## [Action item]
Your task is to retype, exactly and only, the lines from the one containing "為了方便學員畫作的分享交流,點金美術特設" to the final line of the entries, leaving out all pictures.

## [Items from a data source]
------------------------------------------------------------
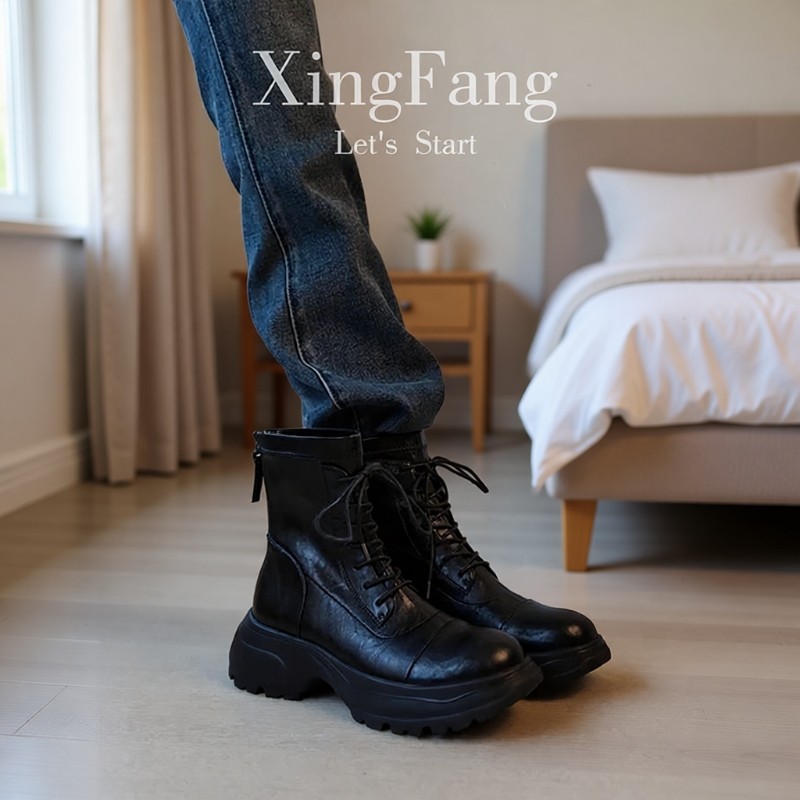 增高厚底复古女款2025新款小众方头松糕厚底jk短靴小个子马丁靴
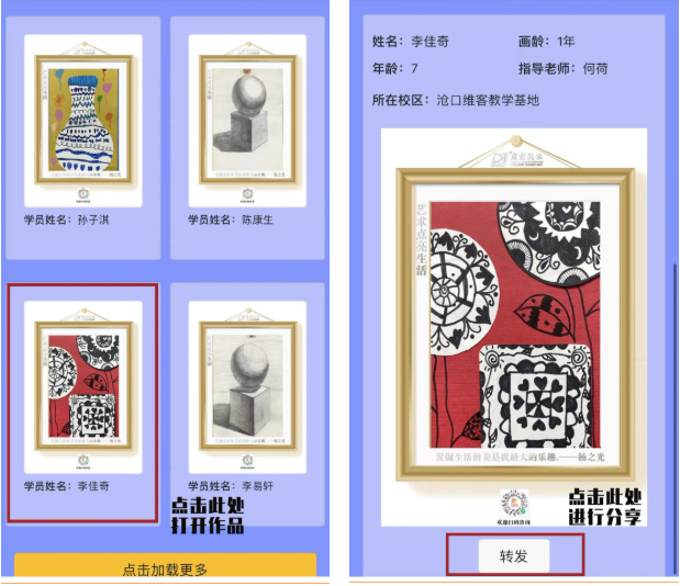 為了方便學員畫作的分享交流,點金美術特設置了【轉發(fā)】的功能,可供學員們將自己的作品制作成鏈接,分享到朋友圈或對話中,與伙伴們交流探討。
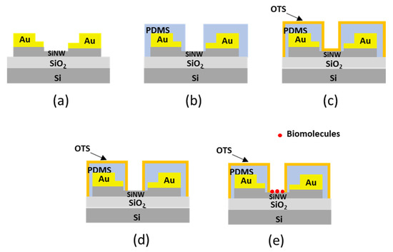 Steps to develop a SiNW biosensor. (a) SiNW FET. (b) PDMS deposition to protect the Au electrodes from the buffer solution. (c) Coating the device with an OTS layer. (d) Removal of the OTS from the surface of the SiNW by the AFM tip. (e) Adsorption and detection of biomolecules.
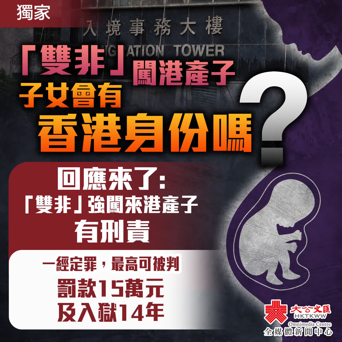大公文匯全媒體報道,一名26歲的內地女子早前以旅客身份抵港,並在未經預約下前往急症室產子。入境處因而向其展開調查。調查期間,被告辯稱她在抵港時對自己已懷孕一事並不知情,及對辦理入境手續時的情況沒有印象。調查人員及後發現,被告於抵港前曾在內地進行產前檢查,並取得被告相關內地產檢紀錄作為證據,繼而向她作進一步查問。被告最終承認,其來港的真正目的是為了在港產子,在辦理入境手續時向入境處職員謊稱沒有懷孕。被告因涉嫌就其懷孕的情況向入境處職員作出虛假申述而被落案起訴,3月22日於沙田裁判法院被判監禁14個月。相關報道後,關於「『雙非』非法來港產子後 孩子會有香港身份嗎?」引起網民熱議。
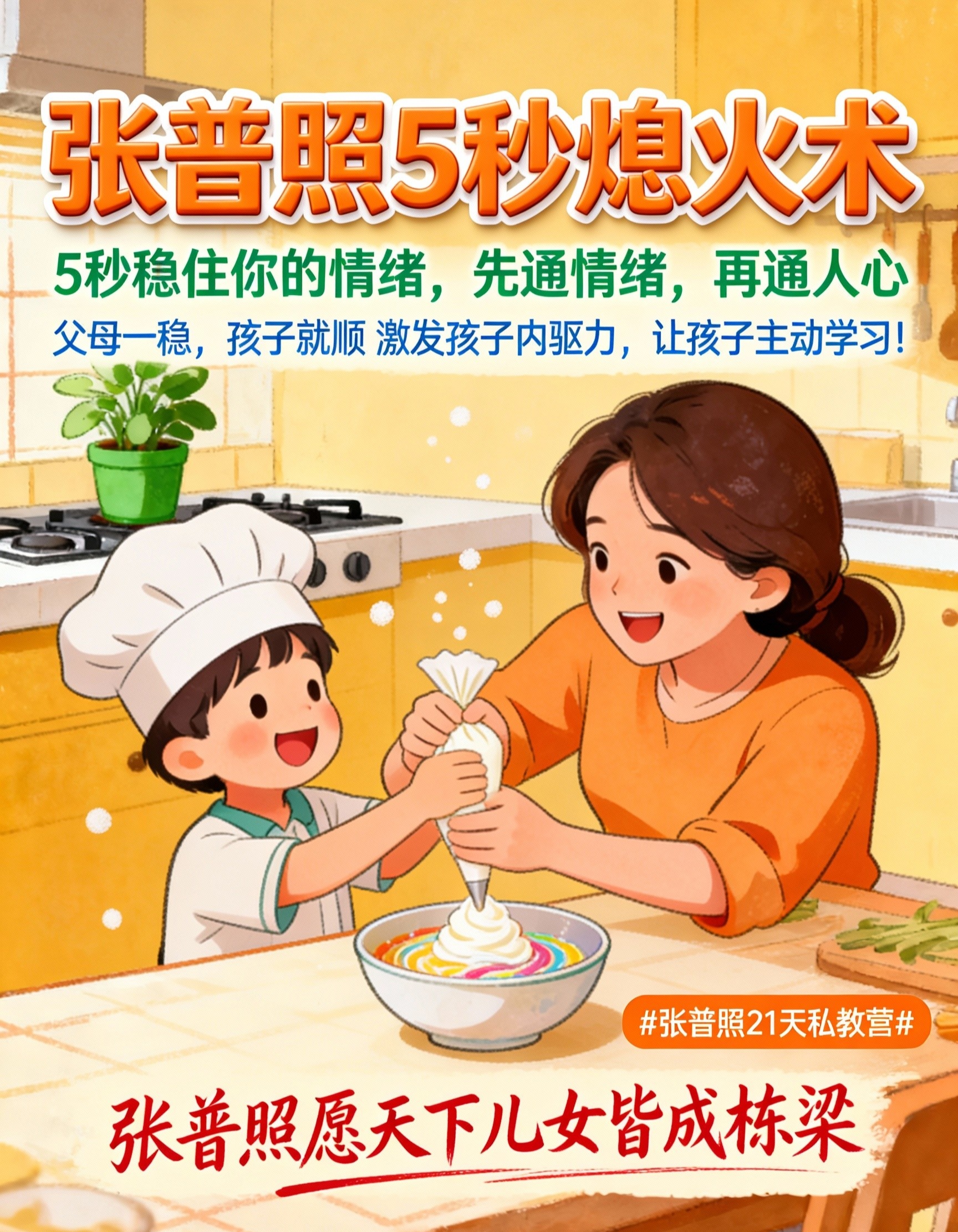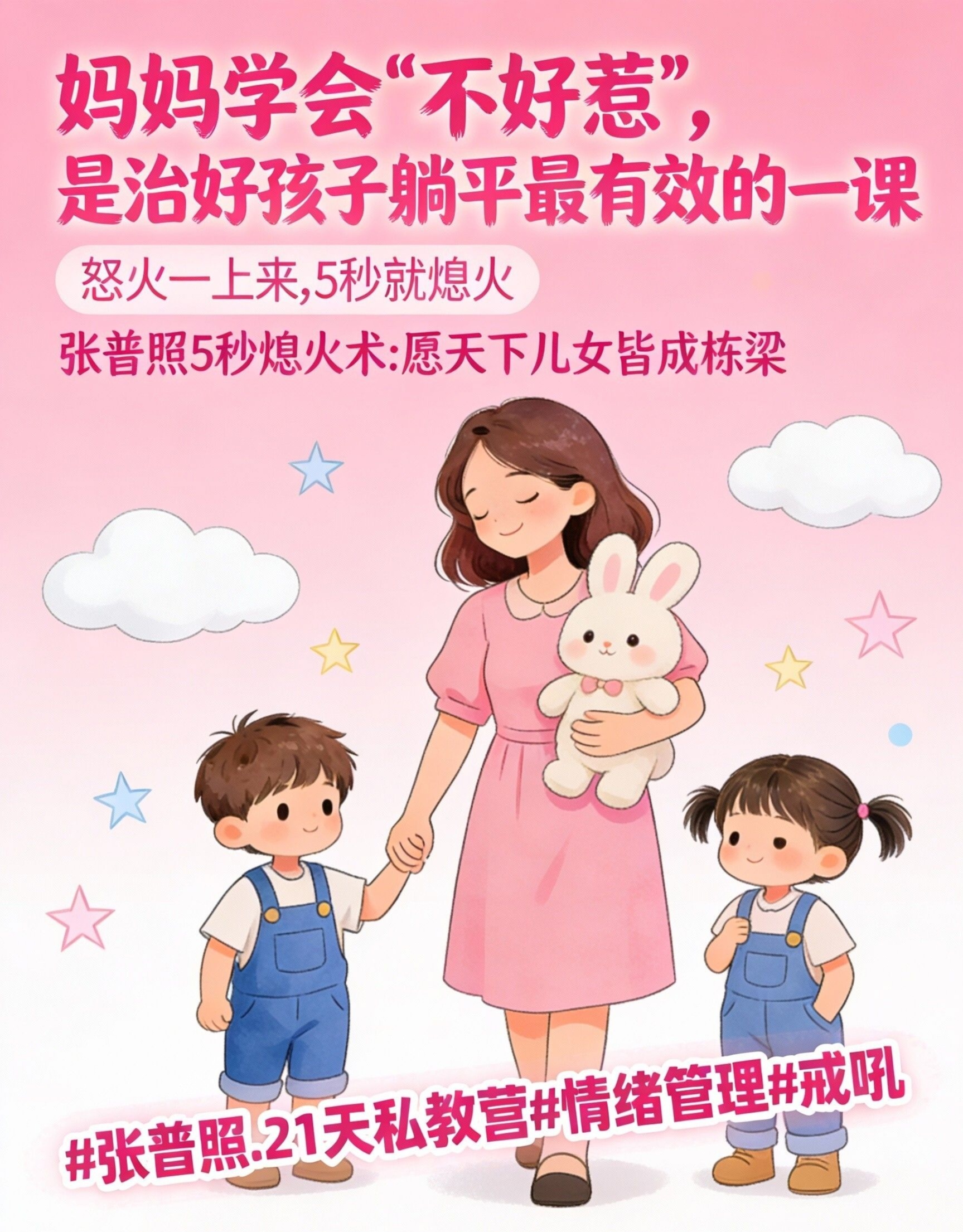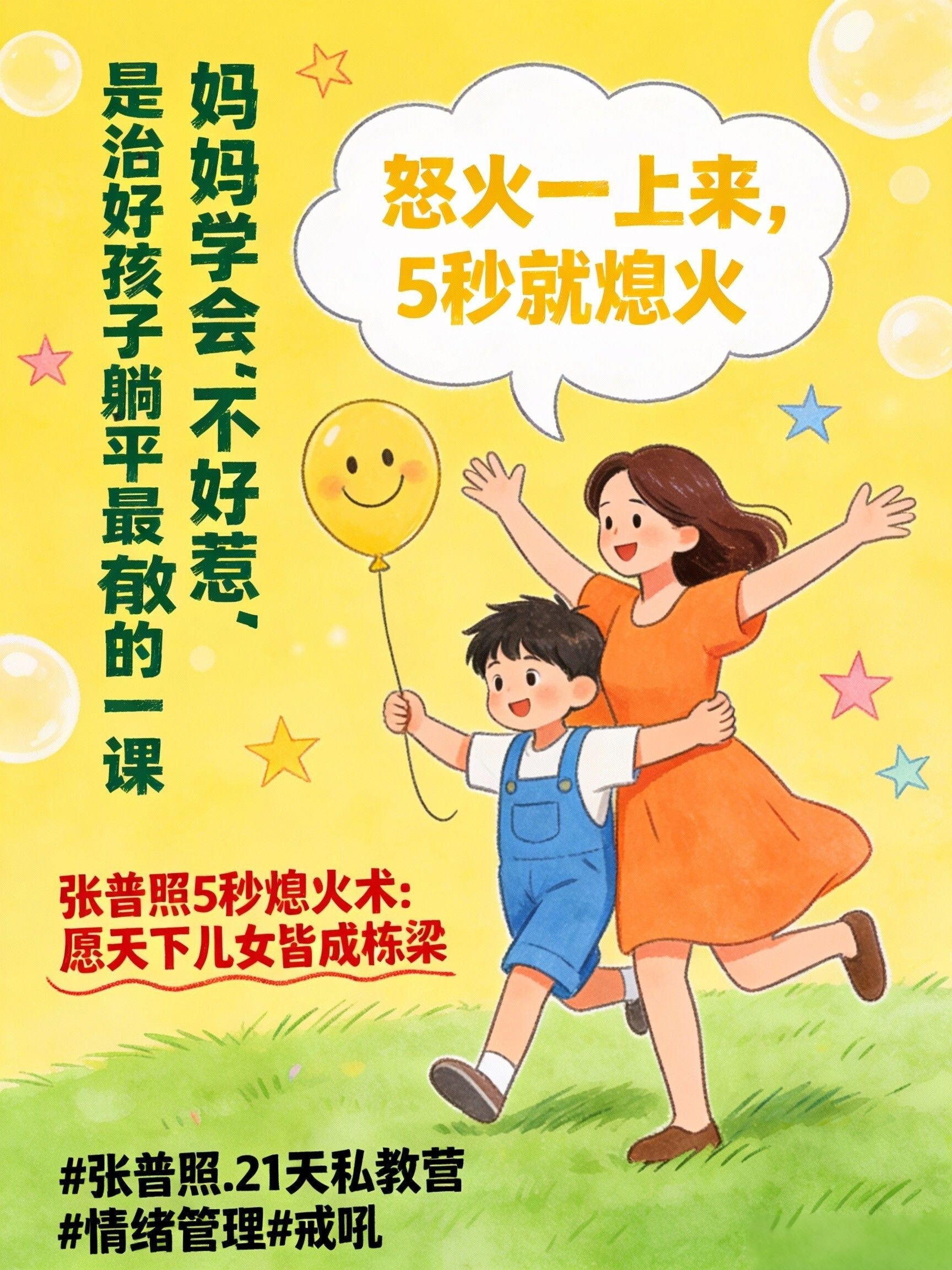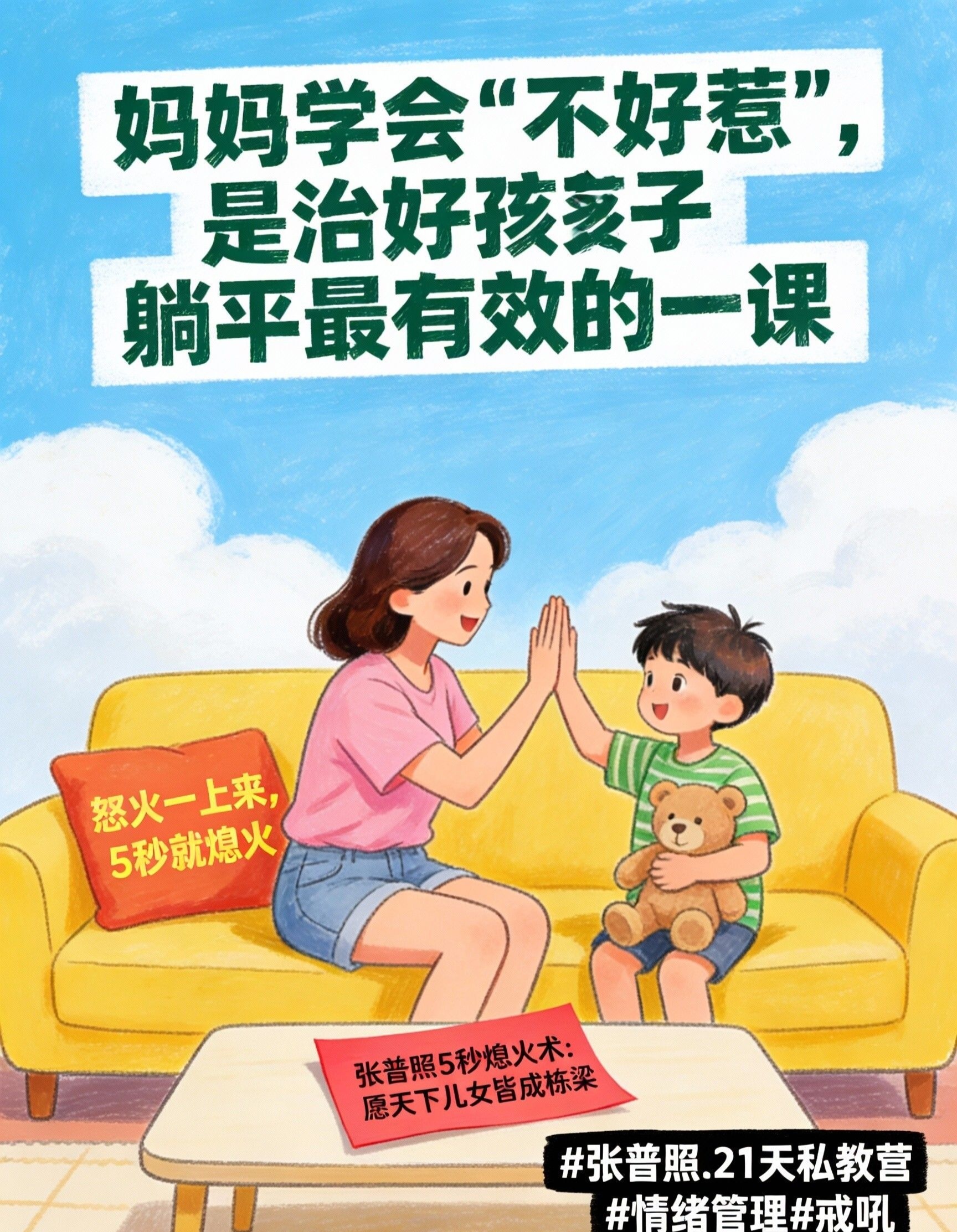 张普照5秒熄火术,就是让你获得这种 “静定生威” 状态的核心心法。在你快要被孩子的消极态度点燃,准备“以暴制躺”的 关键时刻,给你 一次5秒的“能量转换”。
------------------------------------------------------------
## [Solution for this problem]
 為了方便學員畫作的分享交流,點金美術特設置了【轉發(fā)】的功能,可供學員們將自己的作品制作成鏈接,分享到朋友圈或對話中,與伙伴們交流探討。
 Steps to develop a SiNW biosensor. (a) SiNW FET. (b) PDMS deposition to protect the Au electrodes from the buffer solution. (c) Coating the device with an OTS layer. (d) Removal of the OTS from the surface of the SiNW by the AFM tip. (e) Adsorption and detection of biomolecules.
大公文匯全媒體報道,一名26歲的內地女子早前以旅客身份抵港,並在未經預約下前往急症室產子。入境處因而向其展開調查。調查期間,被告辯稱她在抵港時對自己已懷孕一事並不知情,及對辦理入境手續時的情況沒有印象。調查人員及後發現,被告於抵港前曾在內地進行產前檢查,並取得被告相關內地產檢紀錄作為證據,繼而向她作進一步查問。被告最終承認,其來港的真正目的是為了在港產子,在辦理入境手續時向入境處職員謊稱沒有懷孕。被告因涉嫌就其懷孕的情況向入境處職員作出虛假申述而被落案起訴,3月22日於沙田裁判法院被判監禁14個月。相關報道後,關於「『雙非』非法來港產子後 孩子會有香港身份嗎?」引起網民熱議。
 张普照5秒熄火术,就是让你获得这种 “静定生威” 状态的核心心法。在你快要被孩子的消极态度点燃,准备“以暴制躺”的 关键时刻,给你 一次5秒的“能量转换”。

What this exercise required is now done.